I also left one idea off...

#Other: integration and communication between RE tools.

This is a big one.  Pedram's had grand visions of this for a while and PaiMei is a big step there.  Halvar mentioned that he's developing a database standard for RE tools to integrate together.  Maybe we can convince him to post some of his details and thoughts on the standard.

  aeppert     August 2, 2006 19:24.57 CDT
#10 - sadly nothing for release as I am still debating how to best utilize it.

Plus, the integration and communication between tools have some ideas in mind and some code working in this direction.  Same goes for this, debating a SABRE-esque situation here.

(Incidently, will you be over at the Hard Rock tonight?)

  igorsk     August 2, 2006 19:49.00 CDT
I've been sort of working on #2... Some of it will be in the part 2 or my article when/if I finish it -_- (the working title is "RTTI and classes recovery")

  luis   August 2, 2006 21:02.43 CDT
I've also been working on #2.
By using runtime analysis you can feed results back into the static analysis.

You find vtables and set a breakpoint on all methods. Once a method breakpoint is hit, a xref is added in IDA.
If a vtable contains pure_virtual (sp?) functions it is obviously a parent class.
If 2 vtables point to the same method at the same vtable offset they are related.

In ollydbg when a register points to a string, ollydbg dereferences the string and displays it. Type information like strings would be useful for objects.
One option would be to set breakpoints at the exit of constructors, keeping a table of memory addresses for all new objects. Similarly the entry of destructors would have breakpoints in order to remove objects from this memory table.

A second option would be to check whether the first dword of an object points a vtable and use that as the type.

I haven't implemented any of these ideas yet, as they come from my re_ideas.txt file.

If I have time I'll expand what I have on my blog.

  pedram     August 2, 2006 21:57.50 CDT
> This is a big one.  Pedram's had grand visions of this for a while and PaiMei is a big step there.  Halvar mentioned that he's developing a database standard for RE tools to integrate together.  Maybe we can convince him to post some of his details and thoughts on the standard.

I have a lot of development still planned for PaiMei and a few excited contacts who wish to contribute. Hopefully it can continue taking the necessary steps towards this goal. Part of the solution requires increased peer review and awareness. For example, today sitting in Sherri's SideWinder talk, I immediately thought of how perfect PaiMei is for building the tool they demo-ed. All the required functionality is there:

- debugger with breakpoint capabilities
- static disassembly with basic block enumeration
- graph manipulation (to locate the paths between start/end as well as the "rejection" nodes)
- code coverage tracking, for the fitting routine
- real-time graphing

I'm going to sit with Sherri tomorrow and will be curious to hear her thoughts.
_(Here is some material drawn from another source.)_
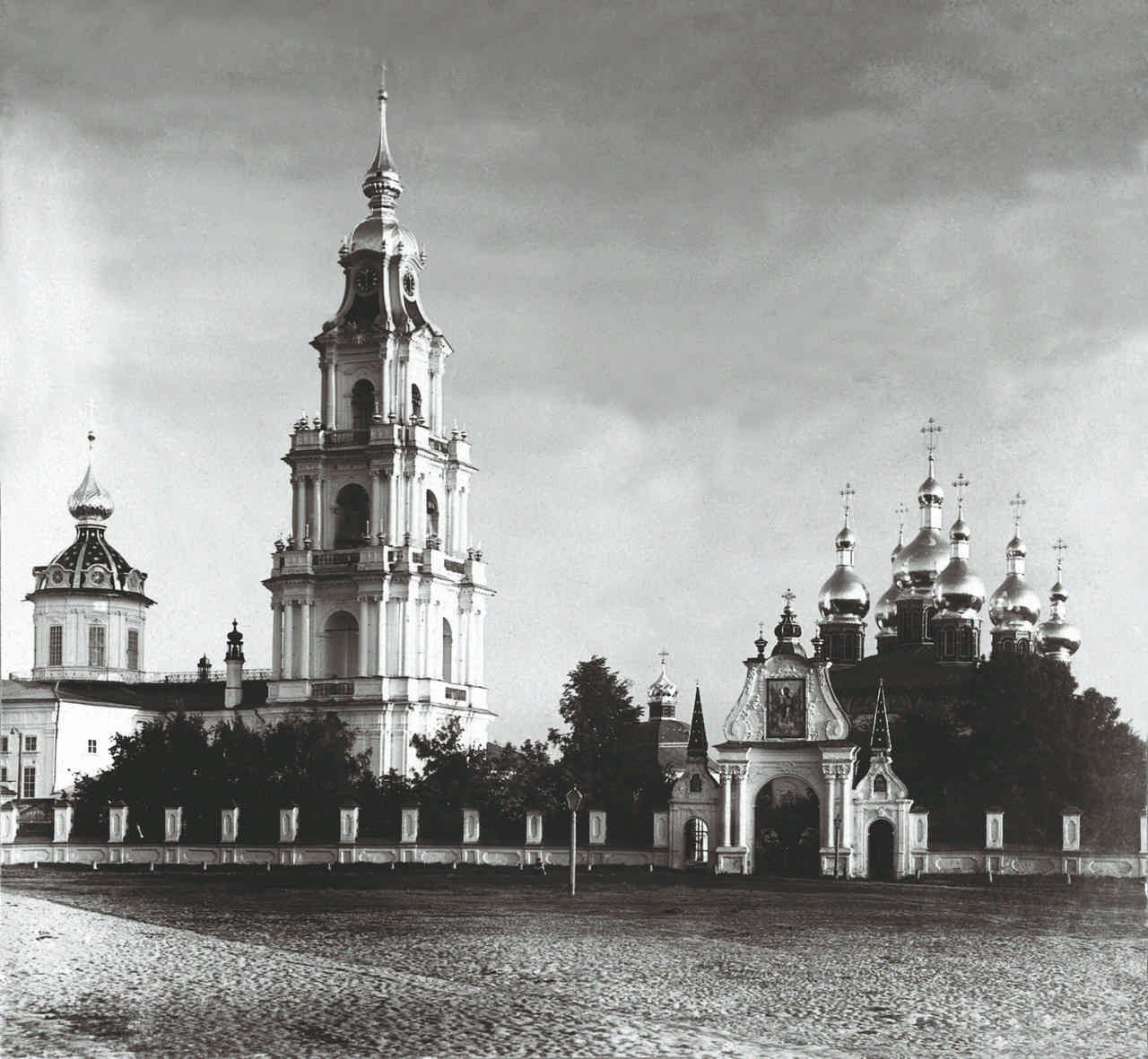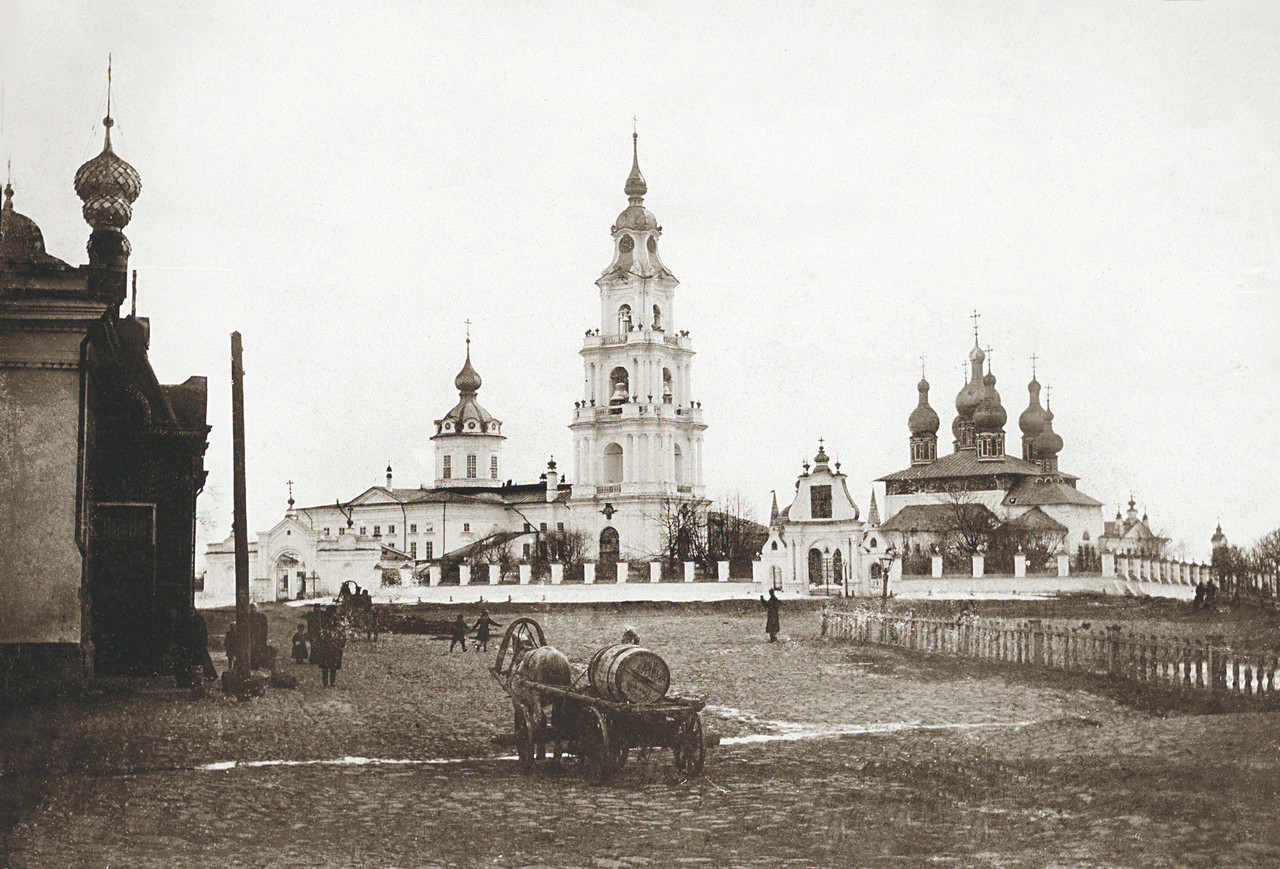 Вид соборного комплекса Костромы со стороны Сусанинской площади. Богоявсленский собор слева. Успенский справа. Фото С.М. Прокудина-Горского. 1910 г.

Regarding the schema, Ero has given me a run down on it and from what I understand it will indeed be released soon. I plan on migrating PIDA over to the SQL schema and making data access on demand vs. at startup to solve the massive memory footprint issue. The interface to PIDA as far as scripting is concerned will not change.

  tagetora   August 3, 2006 03:08.19 CDT
I have been dealing with #3 using name convention, things like ModuleName_FuncName. It's not a nice way to do it (oh, yes, it's horrible) so I'm looking for new methods.

I used the name convention because I usually find code where the modules weren't mixed up, I mean:

[ Code for Module A ] : range 0x00400200 - 0x00401A00
[ Code for Module B ] : range 0x00401A70 - 0x00405000
...

so all the crypto funcs are in the same "block", and the same for sockets/comm, GUI, config handling, etc... and with the naming, it's easy to browse with IDA and see where a module seems to begin or end.

Well, if my help is appreciated, just "take it" ;D

  sp     August 3, 2006 07:00.49 CDT
> #0 have the tool tell you what a function/code block may return

What does that mean? Was he talking about types of return values or sets of possible return values? I've got something like this planned.

> #2 reconstruct class info

He's been talking about that since at least 1999 but apparently the problem is non-trivial. ;)

> #3 group functions into modules.  perhaps write an IDA plugin to enable manual grouping

I wonder if IDA enforces a linear disassembly. If you can move around blocks of code this might be relatively easy to do. If not you can at least create a window which allows "virtual" grouping (you basically have a tree structure you can put functions in). This shouldn't be too hard.

I'd really like to see an easy-to-use code coverage plugin for IDA which produces nice HTML output or something. Maybe you're familiar with the BullsEye code coverage tool for C++. I'd like to see something like that for IDA. I'm aware of Ilfaks's code coverage plugin but unfortunately it produces a whole lot of weird errors here and basically doesn't work. I wanted to shoot him an email soon to ask him about that.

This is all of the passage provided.